An advantage of this category is that an employer is not required to sponsor this Petition

d. National Interest Waiver [top]

To qualify for a national interest waiver the individual’s work must benefit the U.S. in the national interest. Since the term national interest has not been defined in the statute, certain factors are taken into account in determining national interest. These factors include improvement of: the U.S. economy; wages and working conditions for U.S. workers; education, health care, the environment and housing.

4. Family Based Immigrant Petitions [top]

a. I-130 [top]

I-130 is an immigrant petition filed by alien’s relative. Upon approval of I-130/visa number availability, I-485 may be filed.

b. I-485 and Advance Parole and EAD applications/renewals [top]

I-485 is the final step in the “green card” process. If work permit in the U.S. is needed, an EAD application is filed along with the I-485. If the applicant is planning to travel outside the U.S. during the pendency of I-485, normally an Advance Parole is needed.

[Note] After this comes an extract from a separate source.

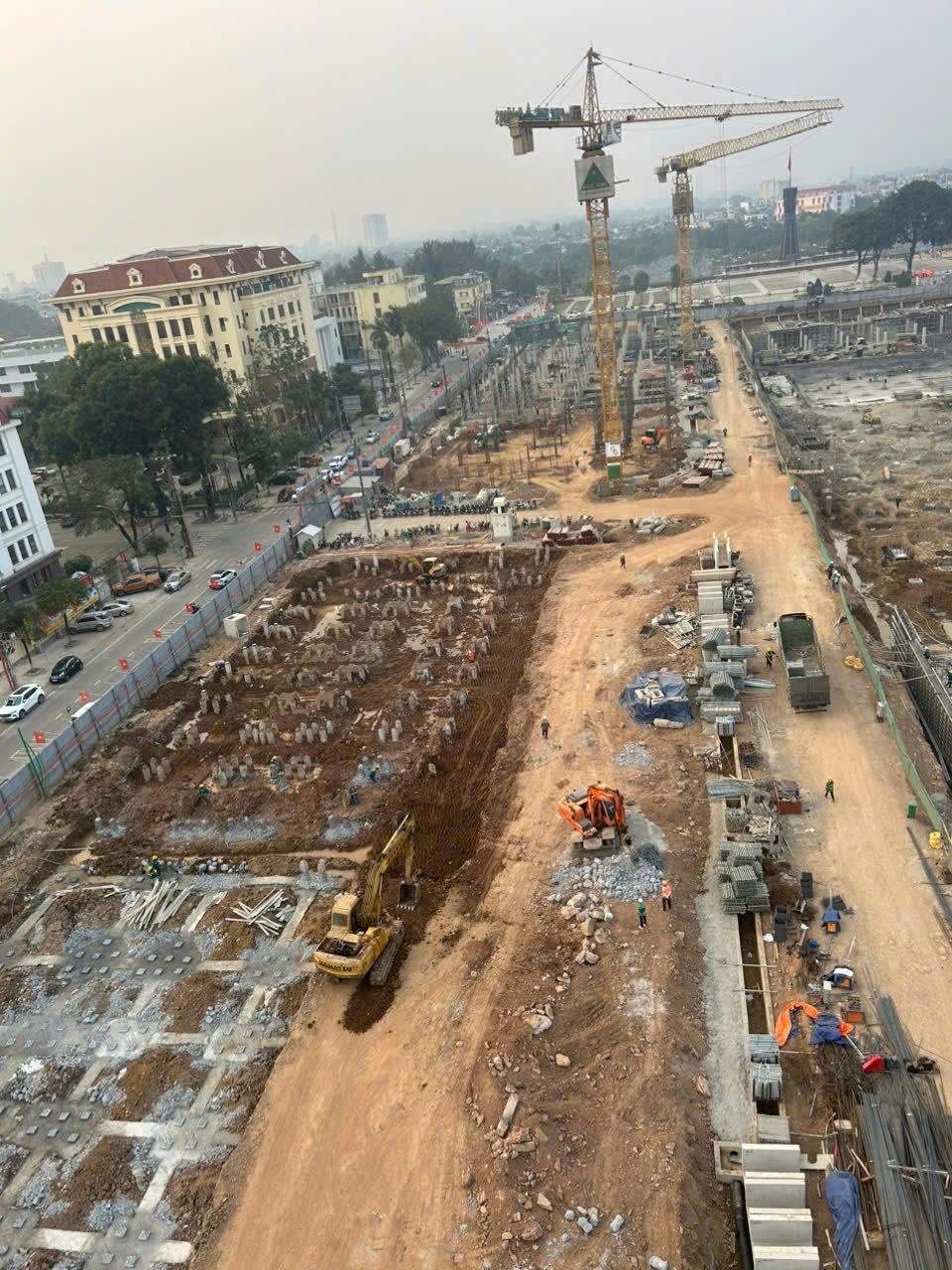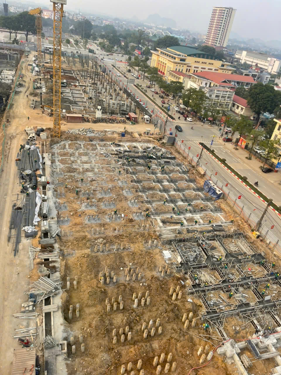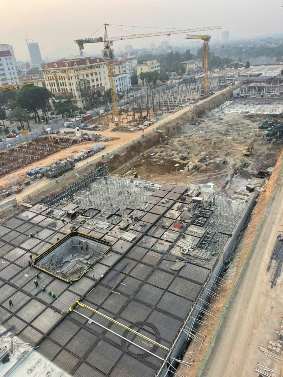 Hiện nay, phần hầm của Dự án đang tập trung thi công đổ bê tông nền và nắp hầm, tổ chức thi công cuốn chiếu theo từng khu vực để sớm hoàn thành khóa nền (dự kiến ngày 12/2.). Song song với đó, khu nhà liền kề thấp tầng đang được đẩy nhanh các hạng mục thi công móng, cột và sàn các tầng đầu để tạo mặt bằng và kết cấu ổn định cho giai đoạn thi công tiếp theo. Công tác thi công bảo đảm nghiêm ngặt các yêu cầu về kỹ thuật, chất lượng và an toàn lao động.

D. Post Green Card Applications [top]

1. Re-entry Permit [top]

Re-entry Permit for Permanent Resident is needed if a permanent resident plans to reside outside the U.S. for more than one year continuously.

2. Naturalization Application (N-400) [top]

Naturalization is the process in which U.S. citizenship is granted to a foreign citizen or national after he or she fulfills the requirements established by Congress in the Immigration and Nationality Act (INA). The general requirements for administrative naturalization include:

  1. A period of continuous residence and physical presence in the United States;
  2. Residence in a particular USCIS District prior to filing;
  3. Ability to read, write, and speak English;
  4. Knowledge and understanding of U.S. history and government;
  5. Good moral character;
  6. Attachment to the principles of the U.S. Constitution; and,
  7. Favorable disposition toward the United States.
    All naturalization applicants must demonstrate good moral character, attachment, and favorable disposition. The other naturalization requirements may be modified or waived for certain applicants, such as spouses of U.S. citizens.